Wednesday, November 22, 2017

Double Your Pleasure on Thanksgiving!


Nathalie Dupree is a genius. It was she, by way of an article by Shelley Hill Young in a recent issue of the North Carolina monthly skirt!magazine, who gave me the idea to make two turkeys on Thanksgiving. Sound crazy? Hear me (and Nathalie) out. I realize my situation is not the same as everyone else's, but I'm sure many of you can relate. I have hosted Thanksgiving ever since my kids were babies, so about 30 years. It was manageable, but never easy. When my mother became ill however, I had to transport the dinner to her house, and then a couple years later when my husband became ill, it started to make sense to me to help myself out a bit by making the turkey the day before. 

There are a lot of good reasons for this. First of all, it is far less stressful to be able to do it at your leisure. Second, it allows advance access to the carcass, after carving, with which you can make stock, and then use that stock in a magnificent gravy. Advanced prep allows you the freedom to tinker with your pan drippings, as well as refrigerate until the fat separates, when it can then be easily skimmed off. Third, having made stock you can then use it when you reheat the turkey by placing your slices of turkey into a large pan, drizzling about a cup of the stock over the top, covering it tightly with foil, and then reheating it. The first time I did this the turkey was the most delicious and succulent that we had ever tasted.

The downside to this is that, when people come to your home for Thanksgiving, they won't smell the turkey baking. I always felt bad about that, because half of the joy of Thanksgiving dinner is to inhale the heady aroma of that delicious roasting bird. 

Nathalie’s solution would achieve both goals -- being able to make the turkey I plan to serve on the day before, and still having that wonderful roast turkey aroma the day of the actual meal. In Nathalie's case, she bought two whole turkeys. In my case, because oven space is at a premium, and I need most of it for doing all of the side dishes, I decided to make a whole turkey the day before, and then make a turkey breast in the crockpot (That I remembered smelled amazing the last time I did it and you can read about that here.) and let it cook all day long on Thanksgiving.

It's too late for you all to make use of this bit of brilliance this year, but keep it in mind for next.

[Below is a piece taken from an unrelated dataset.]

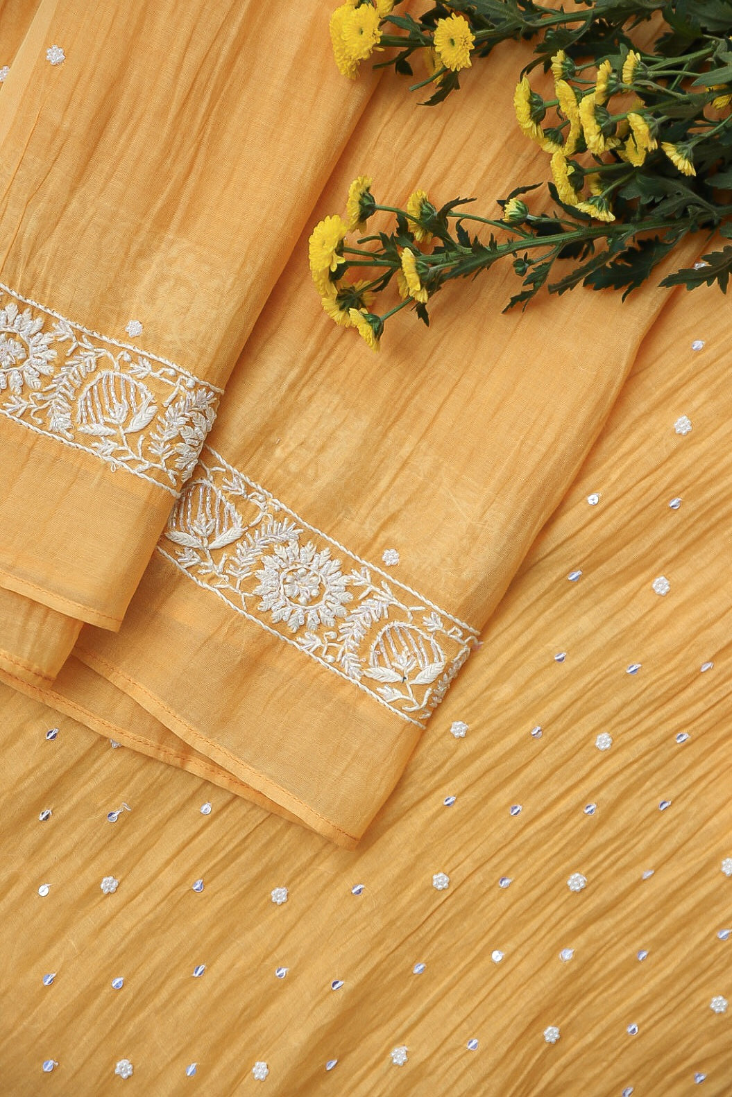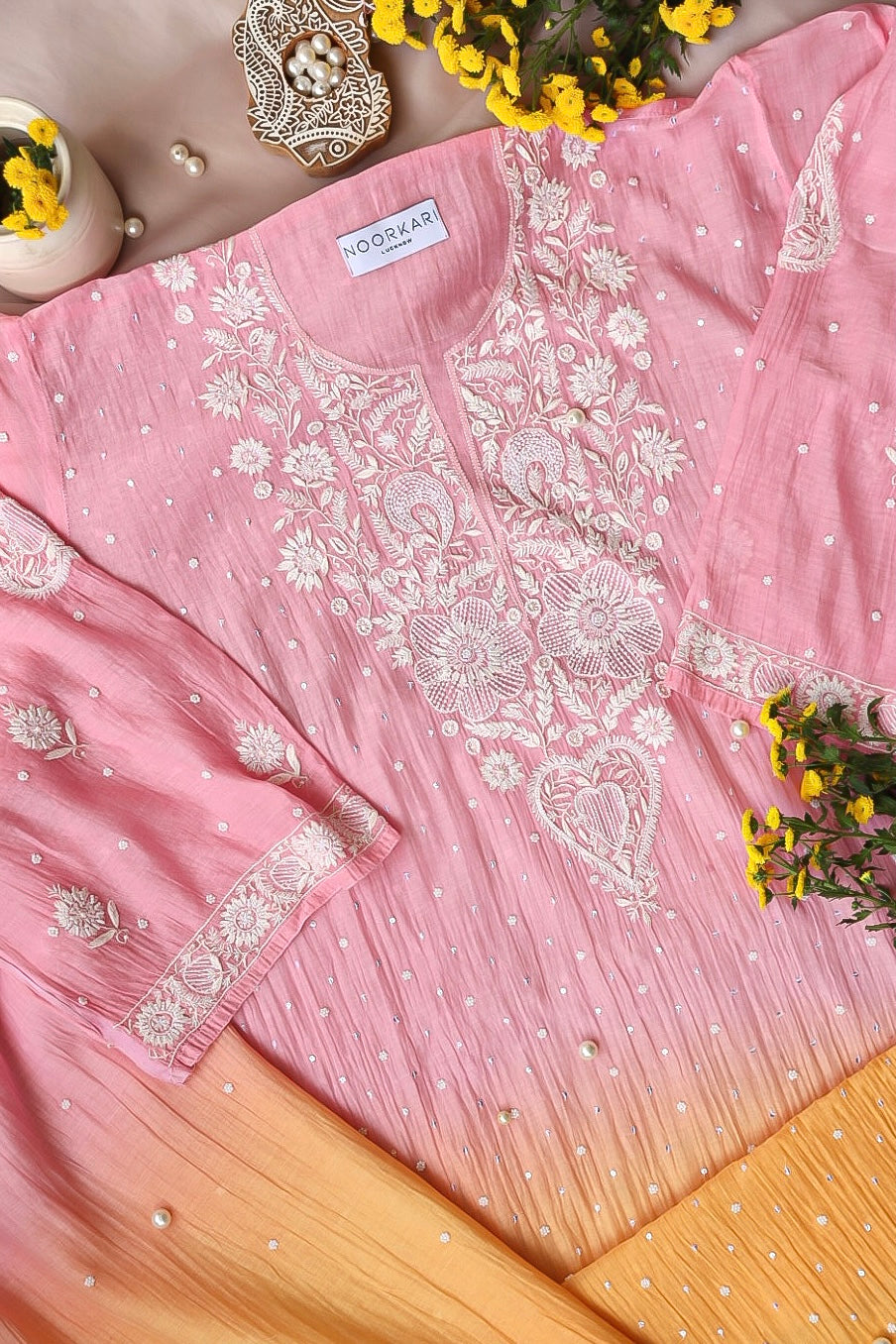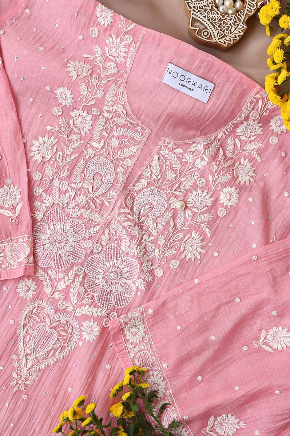 Chikankari is an Art of delicate handwork of Lucknow. It is a handcrafted process where the wooden blocks are manually carved in various designs, and the natural stew for printing is prepared, and printed on the cloth. The chikankari craftsmen then use ten ary of the needlecraft embroidery, and perform the needlework artistically. There are 32 stitches of chikankari broadly classified into Raised stitch, Embossed and Flat stitch.

Helping to relieve yourself of a bit of holiday stress can lead to the almost unheard of consequence of actually being able to enjoy your own party.
Have a delicious and stress-free Thanksgiving Day!

3 comments:

Debbie - Mountain Mama said...

You're brilliant, Pattie!! We are transporting dinner to my parents' house this year as my dad is too ill to travel. We'll do the same for Christmas, so it's challenging for sure. This might just come in very handy!! Have a very happy Thanksgiving, Pattie!

Kim Bates said...

What a wonderful idea! Wish I had more people to do that for...love you blog!

Alycia Nichols said...

Surely there’s a turkey scented candle out there somewhere to get that just roasted smell in the air the day of!!!! Great idea!